Ela não é faseada. Seria faseada se você tivesse um cronograma de votações para chegar ao IVA nacional, não é isso que o governo quer. O governo não quer votar a PEC 45 e para isso resolve votar uma parte da reforma. Ele construiu o pior dos mundos, com a separação do IVA, colocando PIS Cofins em uma votação e querendo criar um IVA dual, com o Senado votando ICMS e ISS. Você desagradou a todos, à Federação e aos empresários. Em nenhum país sério do mundo esse é um tema relevante em uma decisão de investimento, mas no Brasil o sistema tributário acaba gerando distorções e acaba fazendo com que empresas desistam de investir no país.

É uma pena que o Paulo Guedes, por vaidade pessoal, não aceite uma PEC que foi escrita pela mesma pessoa que escreveu a CBS, que estava muito bem estruturada.

No final, o que vai andar é o Refis, que é polêmico, gera sempre uma flexibilidade na decisão de não pagar impostos. O que vai sobrar é o que há de mais polêmico e atrasado para as soluções tributarias no brasil.

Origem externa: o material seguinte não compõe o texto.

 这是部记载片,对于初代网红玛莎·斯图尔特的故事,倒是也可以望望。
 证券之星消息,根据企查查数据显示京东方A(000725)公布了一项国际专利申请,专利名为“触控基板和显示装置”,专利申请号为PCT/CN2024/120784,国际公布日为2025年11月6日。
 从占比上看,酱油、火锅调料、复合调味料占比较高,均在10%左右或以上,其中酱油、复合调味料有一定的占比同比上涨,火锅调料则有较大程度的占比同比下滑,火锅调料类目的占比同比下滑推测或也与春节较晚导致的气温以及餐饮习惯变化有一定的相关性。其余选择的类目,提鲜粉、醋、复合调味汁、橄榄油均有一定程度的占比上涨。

A única matéria que tem condição de andar é o Refis? Mesmo a CBS não anda este ano?

A CBS tem mais obstáculos que a PEC 45. Com a CBS do jeito que o governo já está aceitando, no final vai ser cada setor fazendo lobby e trabalhando para estar na alíquota menor. E, quando você beneficia um setor, quem paga a conta é o contribuinte. É o que acontece hoje. Com tantos subsídios tributários, no final a carga é mais alta para o cidadão comum porque alguns têm privilégios.

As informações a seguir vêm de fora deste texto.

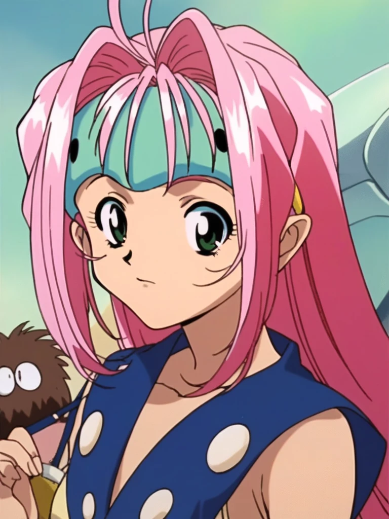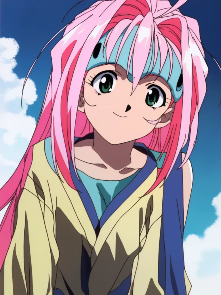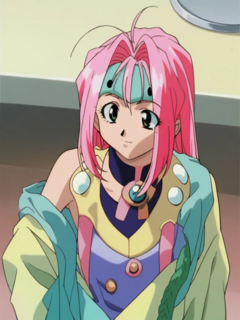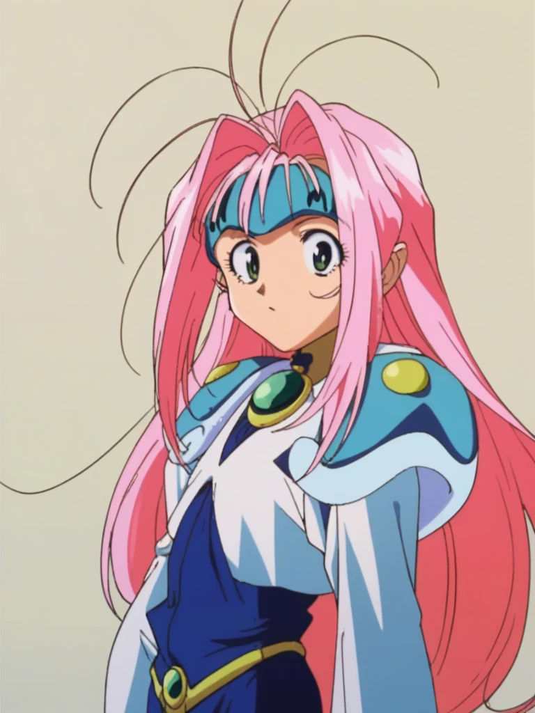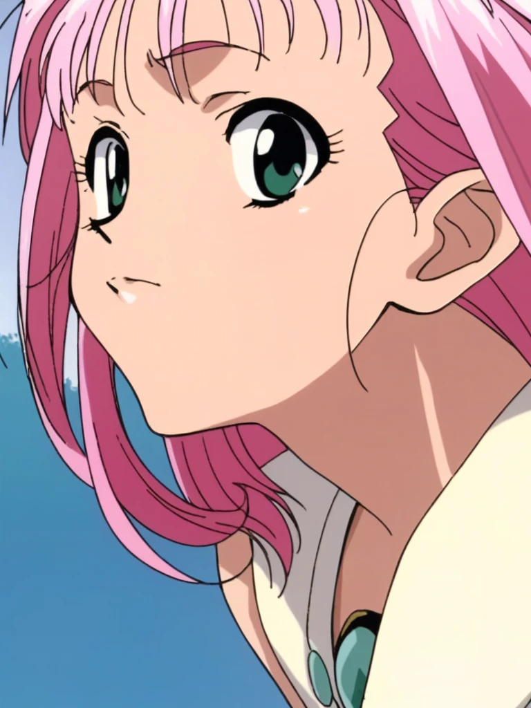 macross7_mylene, long hair, green eyes, pink hair, 1990s (style),
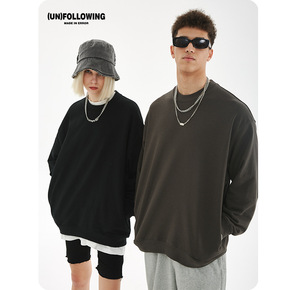 UNF 2021秋冬新品圆领重磅毛圈小领口纯棉侧边...
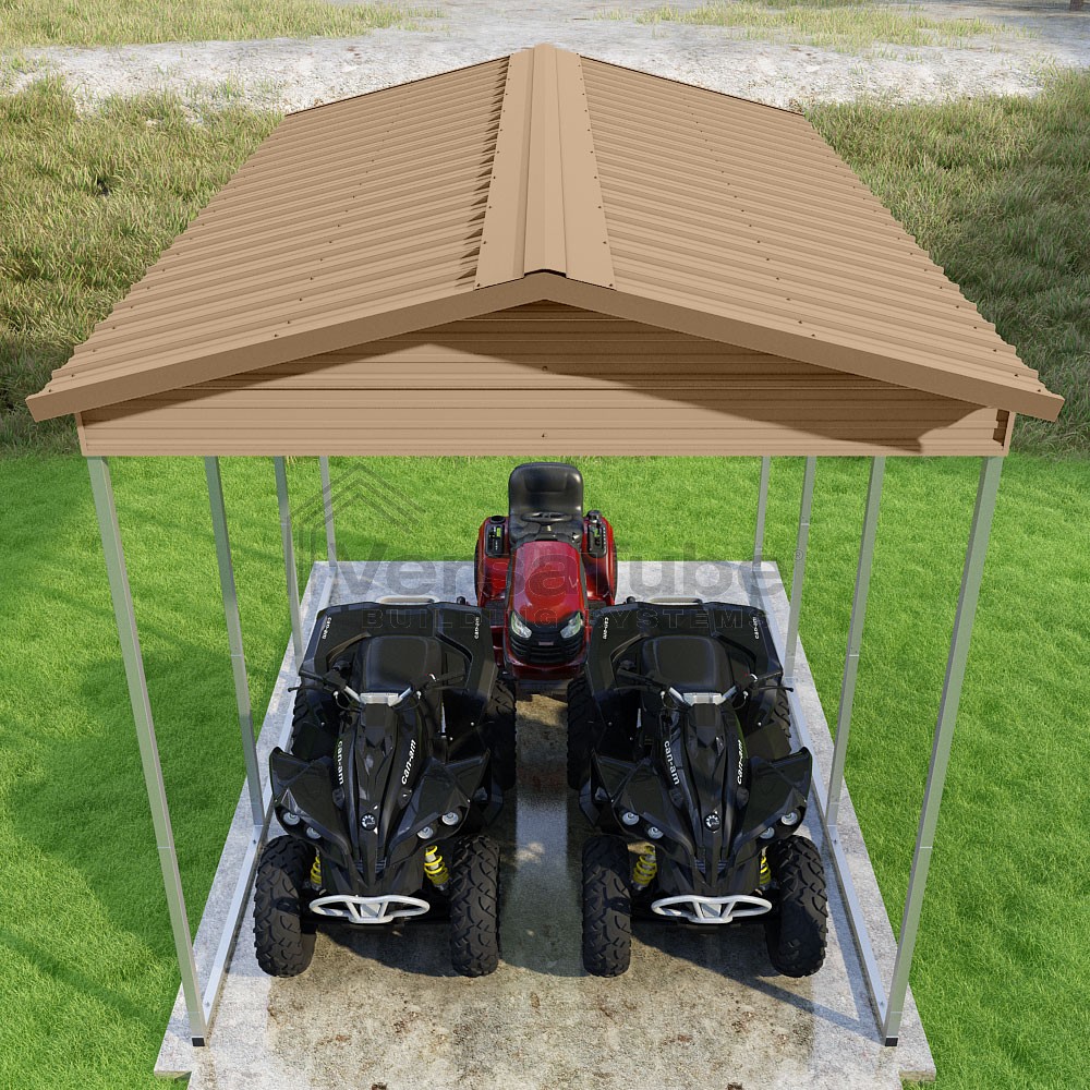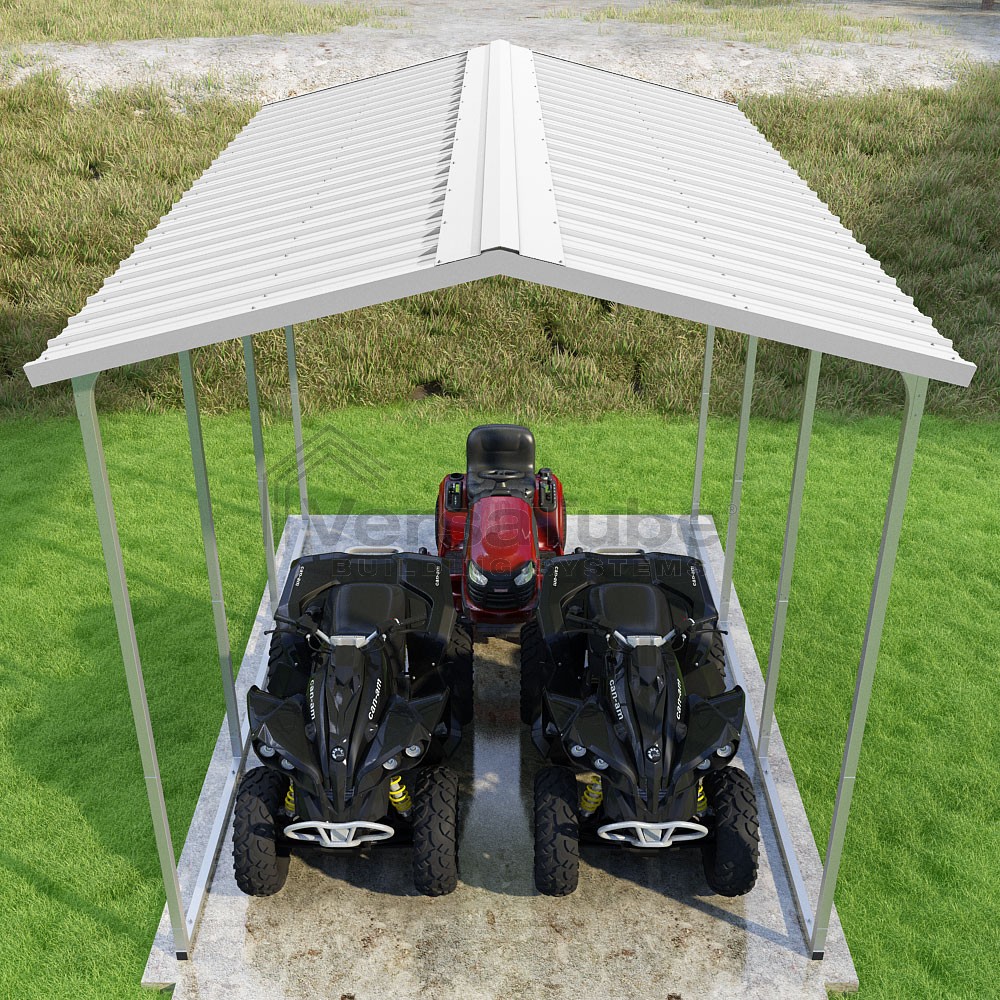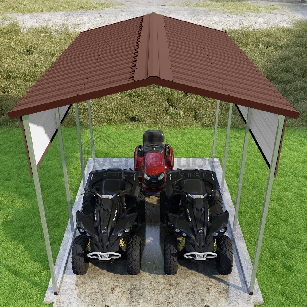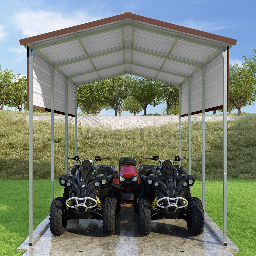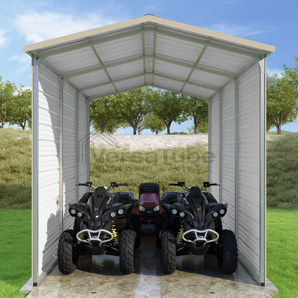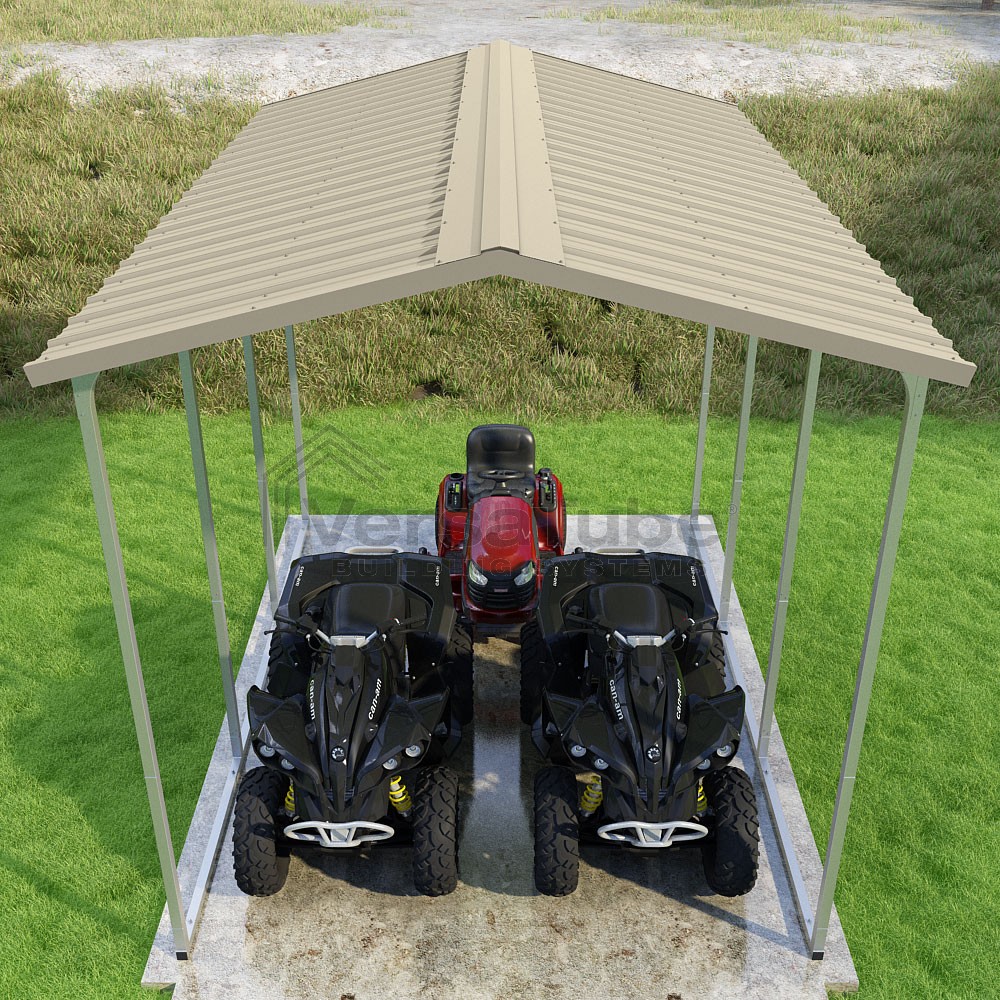 Pinnacle Series DIY carport kit features vertical sheet metal roof panels with ridge cap, gable and eave trim for an A-frame roof style and extended coverage on both ends.

E sobre a reforma administrativa, vai prevalecer a mesma lógica da reforma tributária ou há um caminho maior?

O presidente da República precisa colocar a cara e começar a defender, parar de falar que é contra a reforma. E os bolsonaristas fizeram lobby na CCJ, dizendo que tinha problema na questão da polícia. Acho muito difícil a reforma administrativa andar em um período eleitoral.

A matéria é importante, a melhoria da qualidade do gasto público é fundamental, mas sabemos que a maioria dos parlamentares votam pela proximidade com o governo e, do ponto de vista político, muitos têm dúvida sobre a reforma. Apesar de ser tímida, vai gerar muita polêmica pela frente, ainda mais com o presidente dizendo que é contra.

Para onde caminha a discussão do auxílio emergencial e do Bolsa Família?

Tem que tomar muito cuidado. A PEC emergencial era para cortar despesas de foco equivocado e construir um programa de qualidade, mas não tratou disso.

Tenho medo de que a projeção do mercado, mostrando esse descasamento da inflação entre o meio e o final do ano, abrindo um espaço no teto de gastos para o ano que vem, acabe gerando, pela pressão eleitoral, a formatação de um programa com gastos permanentes. E que depois não consigam mais cortar pelos próximos ano, que mais uma vez engessem o orçamento público.

O governo, para esse ano, vai justificar a prorrogação com essa terceira onda da pandemia. E ano que vem vai correr o risco de ampliar despesas sem o foco correto, olhando para interesses eleitorais do governo e do Parlamento.

O ministro Paulo Guedes não vê esses riscos ou não é ouvido pelo presidente?

Acho que ele é parte disso tudo. Até agora, há silêncio completo na MP da Eletrobras. A questão da inclusão das térmicas a gás, que ele foi radicalmente contra, agora ele está calado. A questão do Orçamento, o que foi acordado é uma vergonha. Como um ministro da Economia aceita adiar o pagamento do abono salarial, no momento de pandemia e crise econômica? Aprovar um Orçamento que precisa ser corrigido. A confusão está dada.

Acho que o Paulo quer continuar ministro e está sendo generoso com as posições do presidente. Ele está com uma tese, que eu acho equivocada, de que ‘imagina se eu não tivesse aqui o que já teria acontecido’. Ele quer continuar ministro e está aceitando essa agenda populista que visa só o processo eleitoral por parte do governo.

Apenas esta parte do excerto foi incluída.